- Born: 12 August 1970 (age 56) Karachi, Pakistan
- Education: Convent of Jesus and Mary, Karachi King's College London

= Sana Bucha =

Pakistani TV Journalist

Sana Bucha (ثنا بوچا; born 12 August 1970) is a Pakistani news anchor, who appears in prime time news talk shows. She is known for hosting a show named Lekin.

==Early life and education==
Sana Bucha received her basic education at the Convent of Jesus and Mary, Karachi School. She received her higher education at King's College London specializing in political science.

==Career==
Bucha started off as a product development associate and became the producer for the first English Language Bulletin on GEO News. Other than producing it, Bucha frequently hosted the show. After the English bulletin, hosted and produced the channel's English language show News Day. She hosted and served as the executive director for the current affairs program Crisis Cell before switching over to the new program Laikin. Bucha covers topics such as Pakistani politics and foreign relations, South Asia and the Middle East affairs, and American involvement in the region.

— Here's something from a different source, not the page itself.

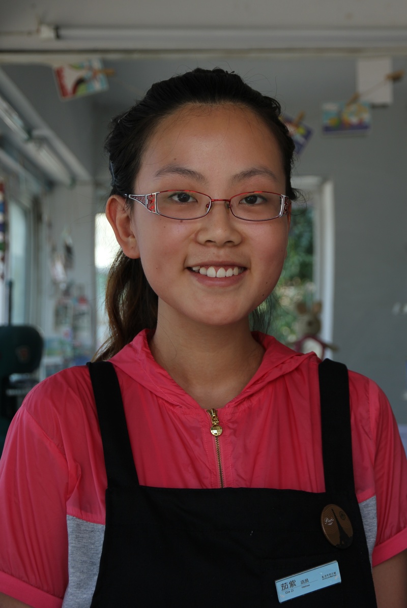 Lorsqu'elle nous a servi deux authentiques "Ice Tea" fait maison, elle y a mis tout son sérieux, comme dans un bar chic. Pourtant, la jeune Qie Zi (c'est ce que son badge indique) travaille dans un petit box, au carrefour poussiéreux d'un quartier populaire. (Quel quartier n'est pas populaire en République Populaire de Chine?).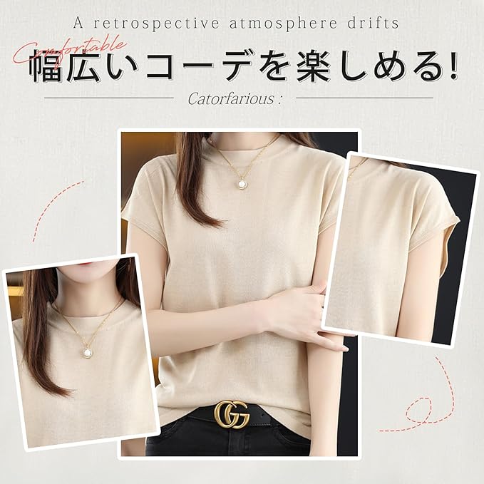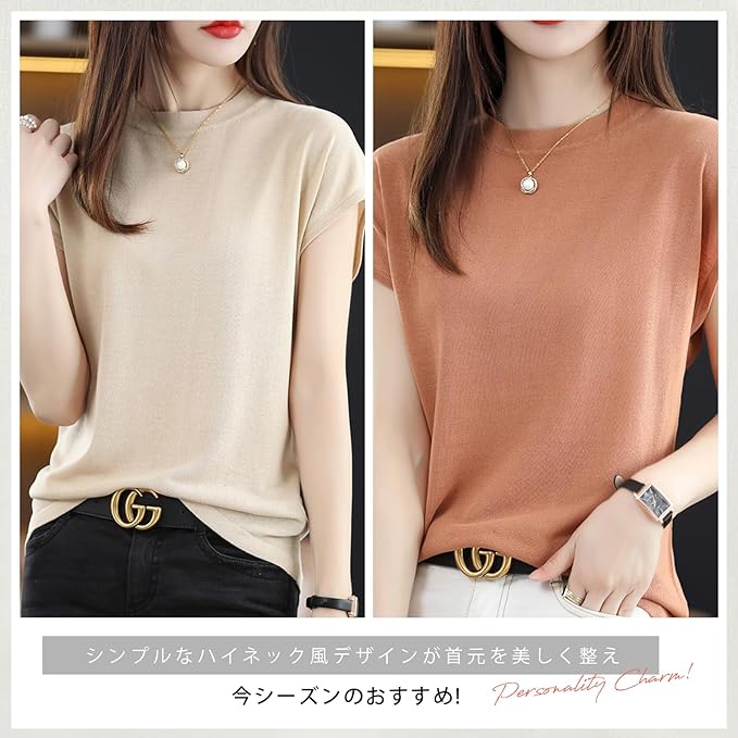 【ひんやり接触冷感素材、快適な着心地が続く】夏にぴったりなアイスシルクニット素材を採用し、シルクのように滑らかでひんやりとした肌触りが魅力。優れた通気性と吸湿性で、汗ばむ季節でも爽やかさをキープ。肌に張り付きにくく、やわらかで程よい伸縮性もあり、長時間の着用でも快適さが持続します。

In June 2012, Sana Bucha resigned from GEO News, allegedly over the hiring of Aamir Liaquat Hussain, who was also appointed as GEO's vice-president; but Sana later rejoined Geo News after an agreement with their management.

In November 2012, Bucha resigned from Geo again, allegedly over policy differences with Geo Network about Aamir Liaquat hosting a TV show about child activist Malala Yousafzai, and joined Dunya News.

In 2020, Sana Bucha also worked for Aaj News for a few months.